The U.S. Securities Industry Association says that it welcomes the Securities and Exchange Commission’s proposal to establish a new regulatory framework for holding companies of securities firms or investment banks.

Such companies would be able to register voluntarily with the SEC as their consolidated regulator and utilize efficient capital-risk management strategies.

The SIA says that one of the most significant benefits will be the ability of investment banks to use their internal risk-management models in the determination of their capital adequacy.

“Based upon our initial review, we want to congratulate the SEC on taking a major step forward in modernizing the regulatory framework for the securities industry,” Marc Lackritz, SIA’s president, said. “The proposal will create a new registration category and provide the SEC with the ability to regulate a broker-dealer’s parent company and its affiliates on a consolidated basis, thereby expanding the scope of the SEC’s examinations and reporting requirements.”

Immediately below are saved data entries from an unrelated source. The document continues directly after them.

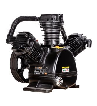 Компрессорная головка ременная AEROMAX B3100 – это сменная помпа (нагнетательная часть) для поршневых ременных масляных воздушных компрессоров. В конструкции головки три поршня диаметром 90 мм. Мощность подключаемого электродвигателя должна быть не менее 11 кВт. При данной мощности производительность на входе может достигать 1350 л/мин при рабочем давлении до 12,5 бар. Рёбра охлаждения (рубашки) на цилиндрах и лопасти на ведомом шкиве обеспечивают эффективное охлаждение. Ведомый двухручейковый предустановлен и идёт в комплекте. Для смазки цилиндропоршневой группы предусмотрен встроенный масляный картер для компрессорного масла VDL 100. Подключение к компрессору механическое - через ременную передачу. Воздушная магистраль от ресивера компрессора подключается к выпуску компрессорной головки. Электромотор компрессора через ременную передачу вращает шкив компрессорной головки, приводя в движение поршни внутри цилиндров, которые соответственно тактам производят забор воздуха из окружающей среды через впускное отверстие и под давлением закачивают его в ресивер компрессора по воздушной магистрали. На впуск необходимо установить воздушные фильтры с посадочной резьбой M33 х 1,5 (приобретаются отдельно).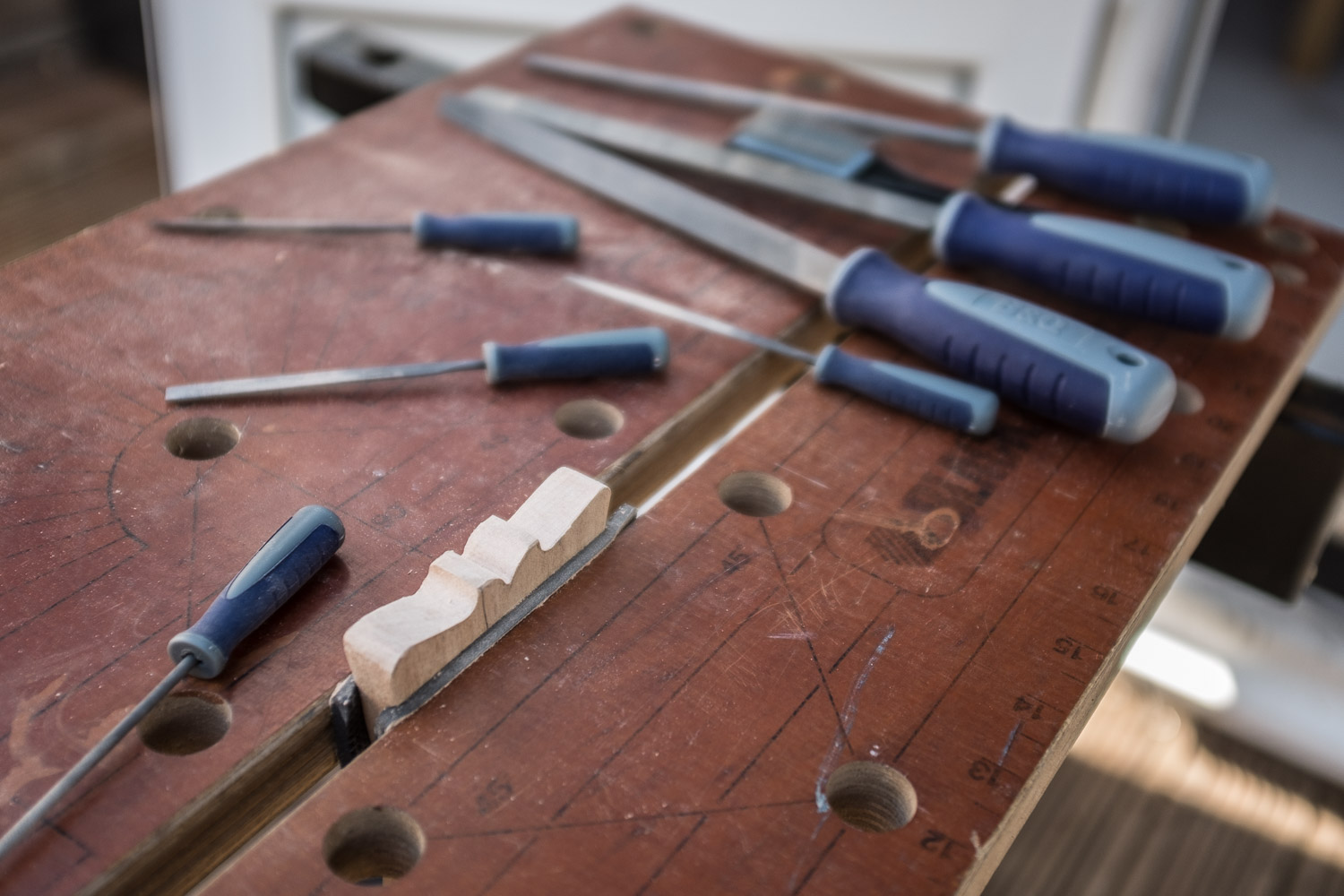 I asked Crimson if they recommend a grain filler to fit with their stains, the reply was "Applying the fourth or fifth coat of oil with some 1200 wet or dry should fill the majority of the pores that need filling. Hope this has helped" Not too sure I will be doing that on a veneer though.... but then again i think a few guys have successfully tru oiled the veneer using similar methods,, I haven't got the bottle to try it yet...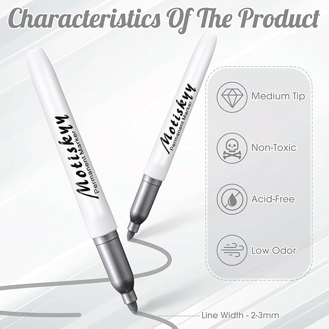 - Multi-surface Use: metallic marker pens do not need to be shaken, saving physical effort, and can be applied on a variety of surfaces, including paper, wood, fabric, canvas, stone, ceramic, plastic, metal, etc
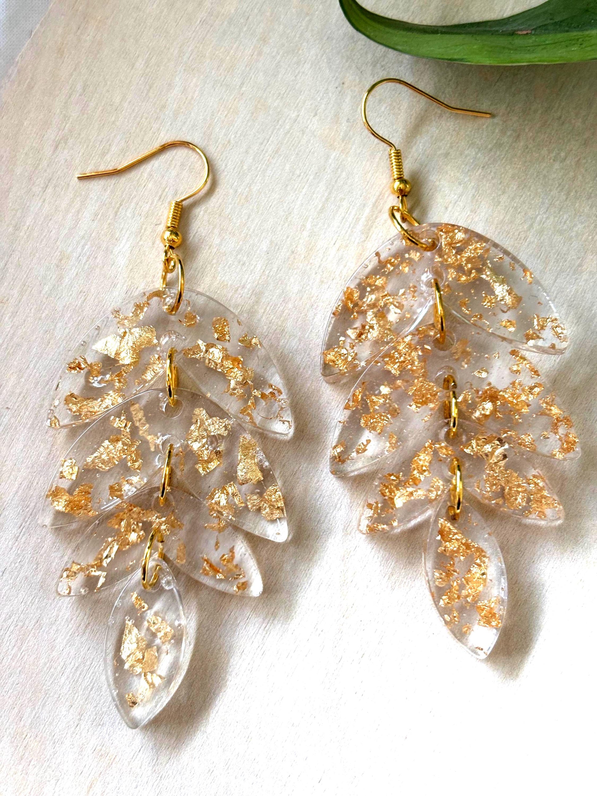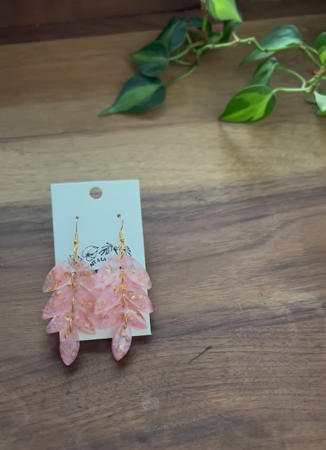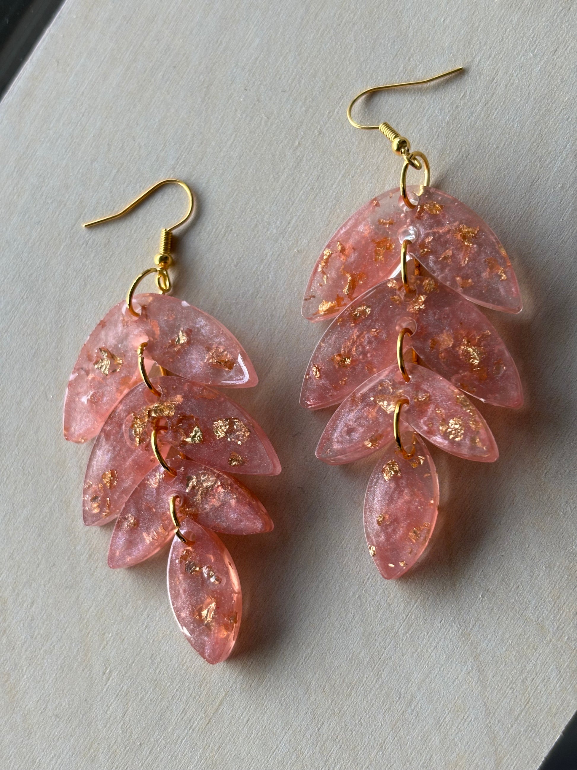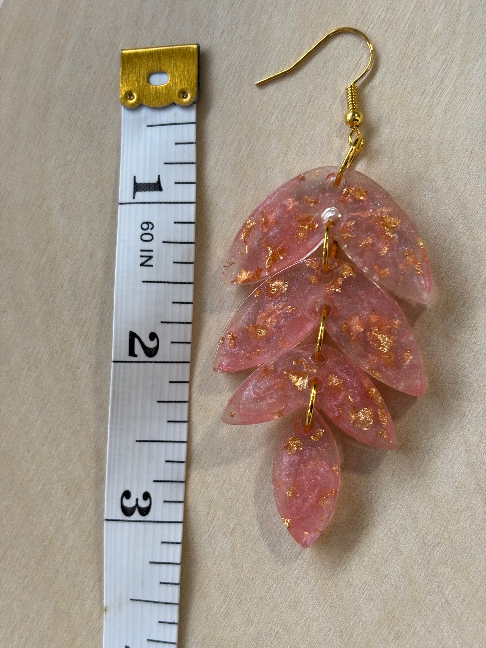 These earrings are made of resin with golden foil flakes. The ear hooks are stainless steel and hypoallergenic. Fairly light weight and ideal for all occasions! Comes in two colors: clear or pink.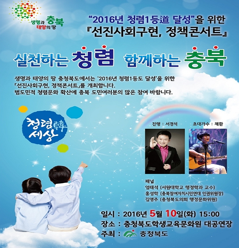충청북도는 오는10일(화) 오후 3시 충청북도학생교육문화원에서 공직자 청렴의식 향상 및 반부패·청렴문화 확산을 통한『2016년도 청렴1등도 충북 달성』을 위해 충북도 및 시군 공직자, 출자출연기관 임직원, 시민 등 1,000여명을 대상으로『선진사회구현, 정책콘서트』를 공연한다.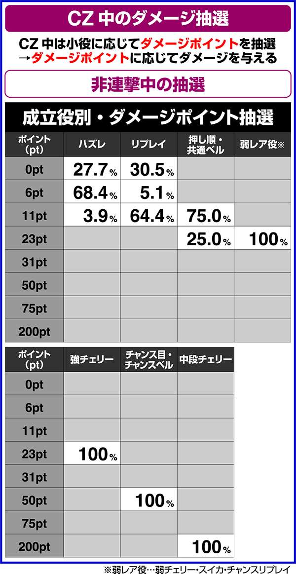 CZ中のボーナスは毎ゲームのダメージ結果に25ptを加算してダメージを算出。
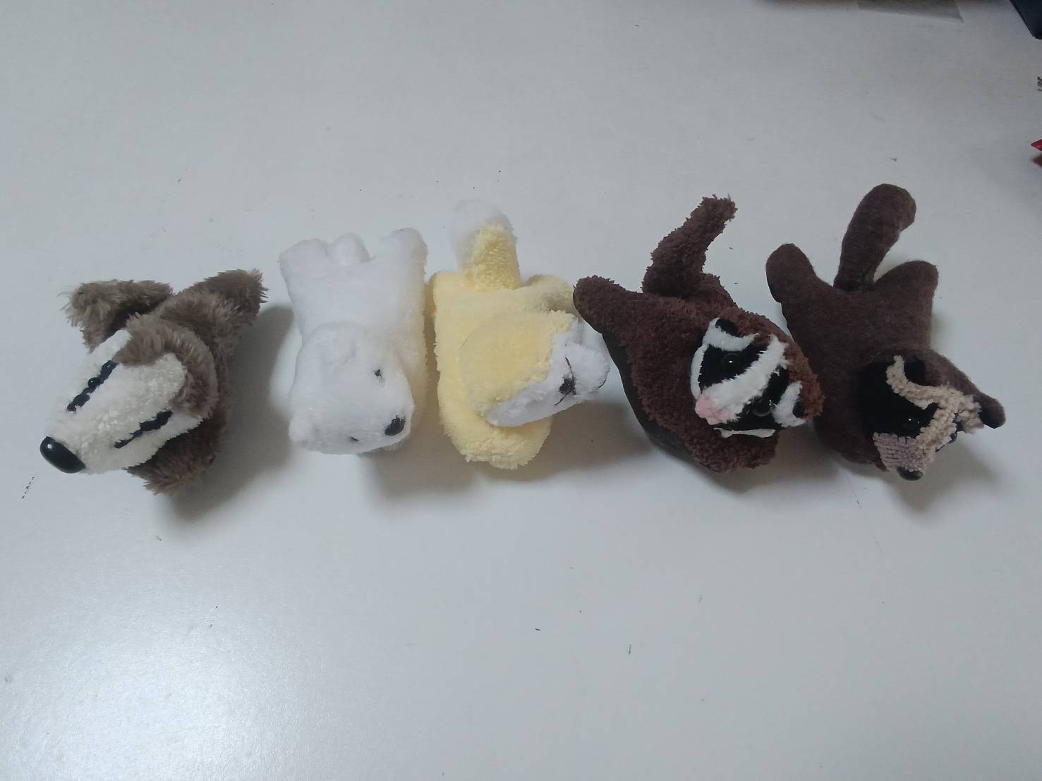 左からアナグマ、シロクマ、オコジョ、ハクビシン、タヌキ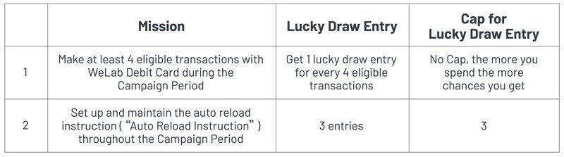 [4] Customers who complete any of the missions set out below within Campaign Period will automatically participate in the lucky draw: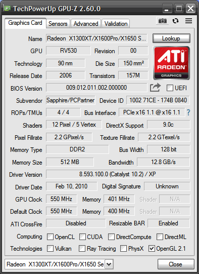 Built around the RV530 GPU used in the Radeon X1600‑series cards, this mid‑range core squietly did the heavy lifting in OEM and retail systems that needed “real” 3D without paying X1800 money.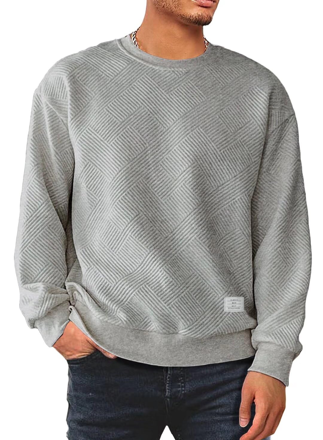 About Men’s Crewneck Sweatshirts Soild Color Geometric Texture Long Sleeve Casual Pullover Shirt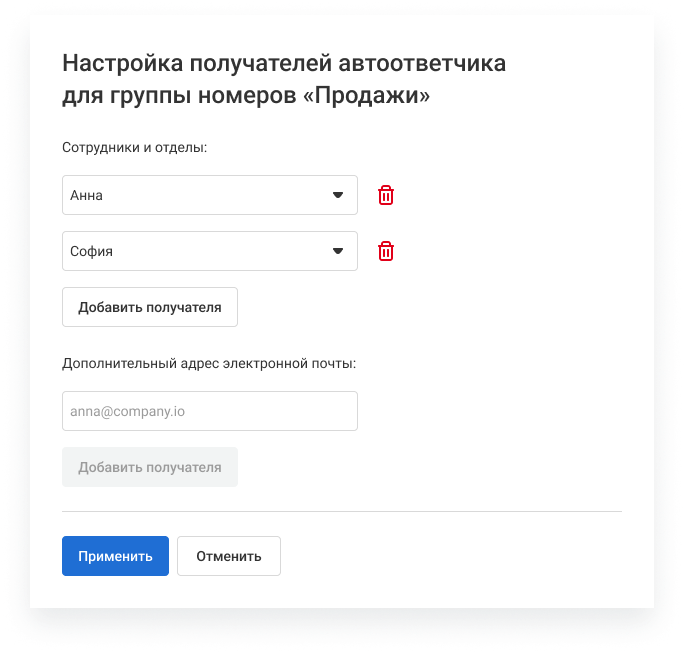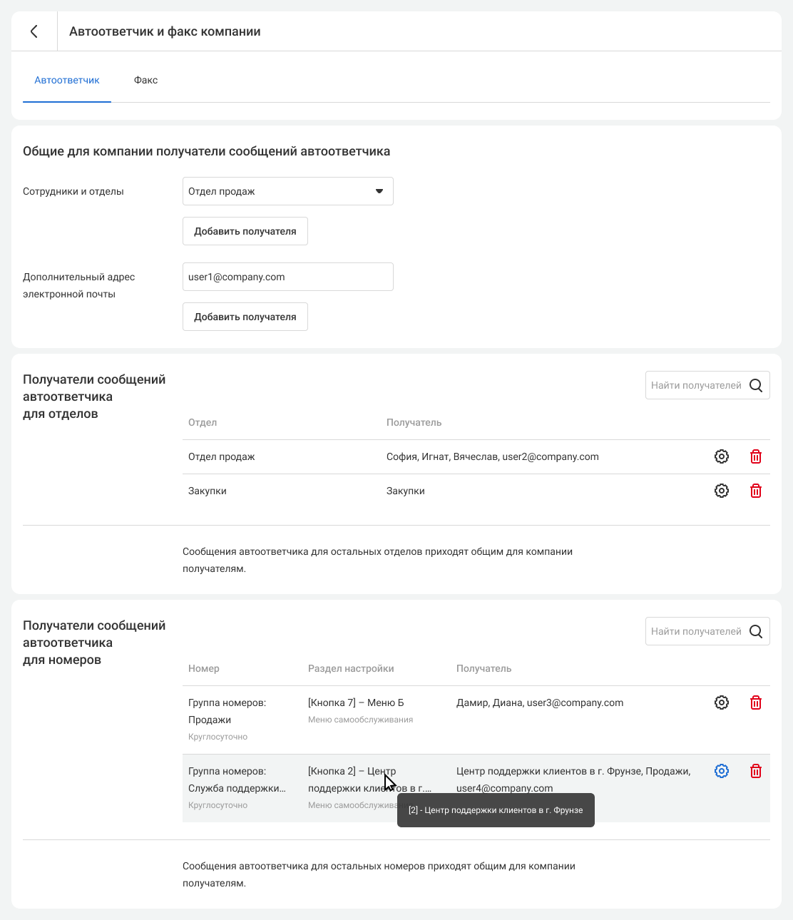 Чтобы изменить настройки, кликните на шестеренку справа от выбранного номера. В открывшемся окне вы можете добавить или удалить получателей автоответчика, а также указать дополнительные электронные адреса, куда будут отправляться голосовые сообщения.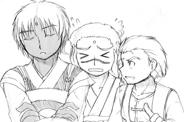 左から幽幻、星火。福寿。紅蓮の祠からの岐路、その最中の小太郎戦反省会兼・次に向けての作戦会議。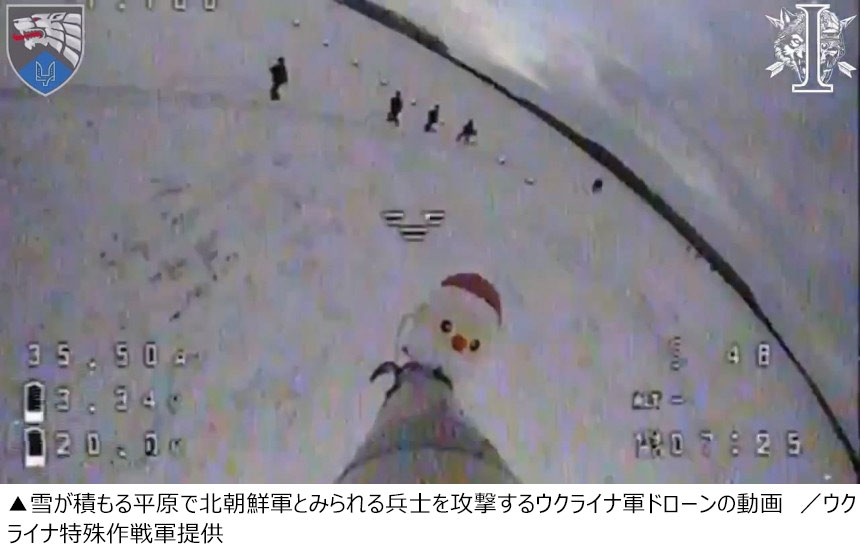 同チャンネルに掲載された1分7秒の動画には、ウクライナ軍のドローンが北朝鮮軍とみられる兵士らに20発以上の爆撃を加える様子が映っていた。動画には雪が積もる平原を進んでいた時にドローン攻撃を受けた兵士、ドローン攻撃から逃れるため走り去る複数の兵士、木の後ろに隠れるが最後まで追跡するドローンに攻撃を受ける兵士、別の兵士の遺体を運ぶ兵士らの姿などが映っていた。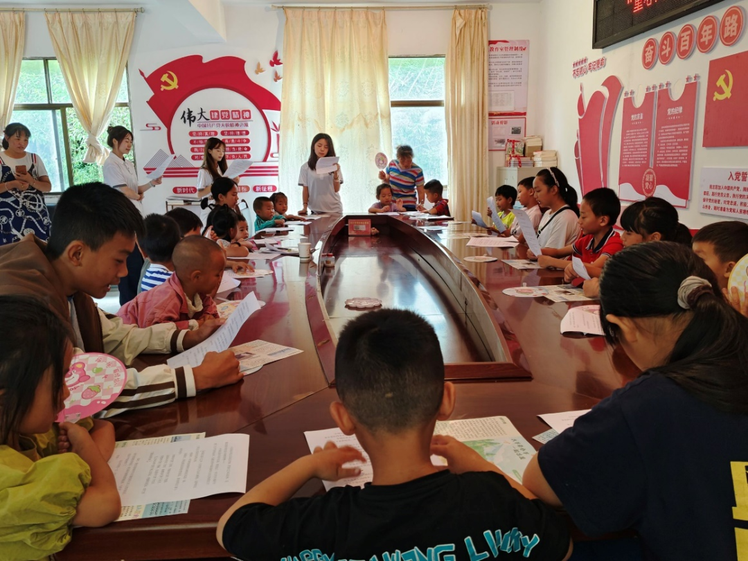 在村委会党员活动中心,团队成员邀请当地小朋友,举办以“童心向未来 普通话伴我成长“为主题的宣传活动。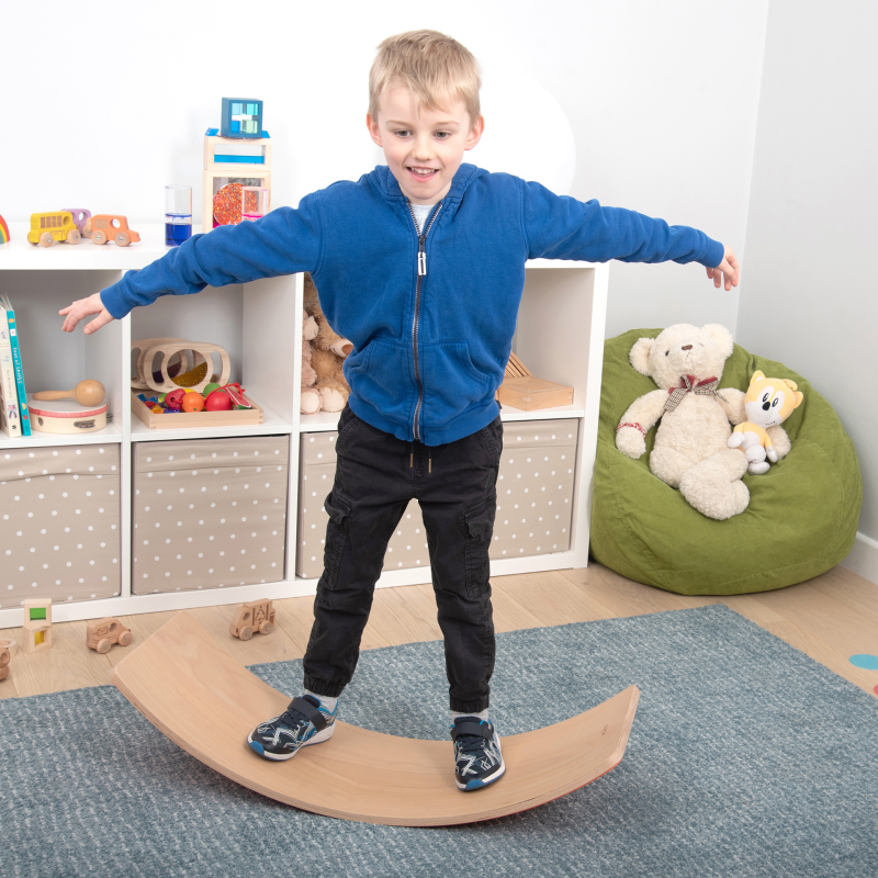 Cu o parte inferioar cptuit cu pacircsl vibrant, aceast plac de echilibru neted i robust din placaj de fag ofer o activitate distractiv i provocatoare pentru toate vacircrstele. Punacircnd picioarele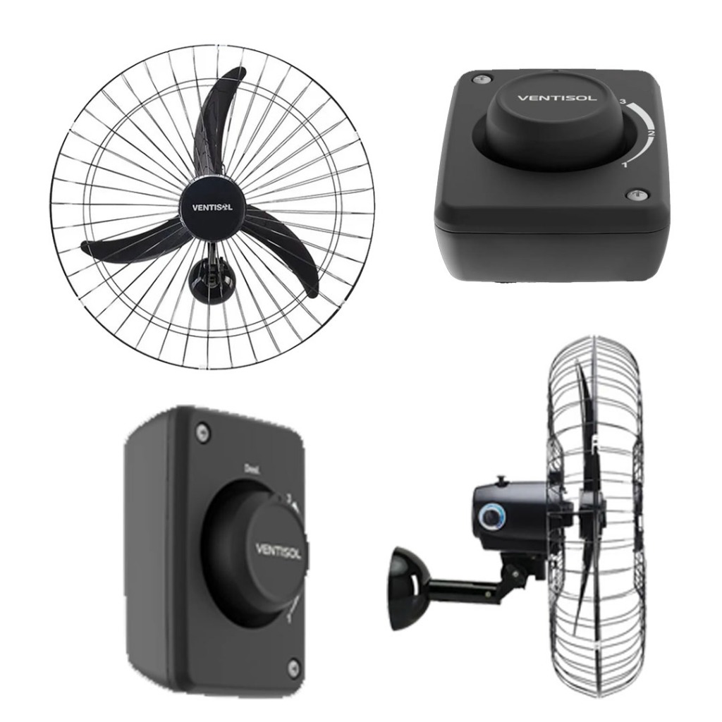 Kit 4 Ventiladores De Parede 60cm Diâmetro Forte Ventisol 3 Pás Preto Potente Igreja Academia Lojas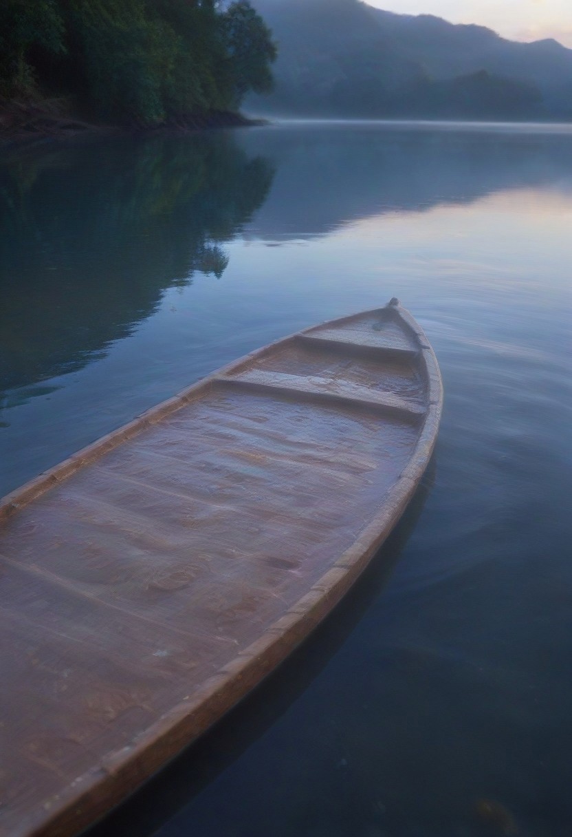 a small wooden boat, floating on calm reflective water, cyan hills in the background, soft mist hovering above the water, golden sunlight casting a warm glow, intricate wood carvings on the boat, gentle ripples in the water, lush vegetation on the distant hills, detailed reflections on the water, a few scattered clouds in the sky, vibrant colors, cinematic composition

Lackritz noted that the SEC has built upon its experience gained from the oversight of the risk-based capital regime of limited purpose broker-dealers (so-called b/d lite entities, which are over-the-counter derivatives dealers) to advance the use of similar concepts in the capital framework applicable to fully regulated firms.

“This change represents perhaps the single most important element of the SEC’s action — the rationalization of capital requirements to more accurately match the risks taken. If the proposal establishes a workable framework for investment banks, the SEC deserves to be congratulated for a major evolution in industry regulation,” Lackritz said.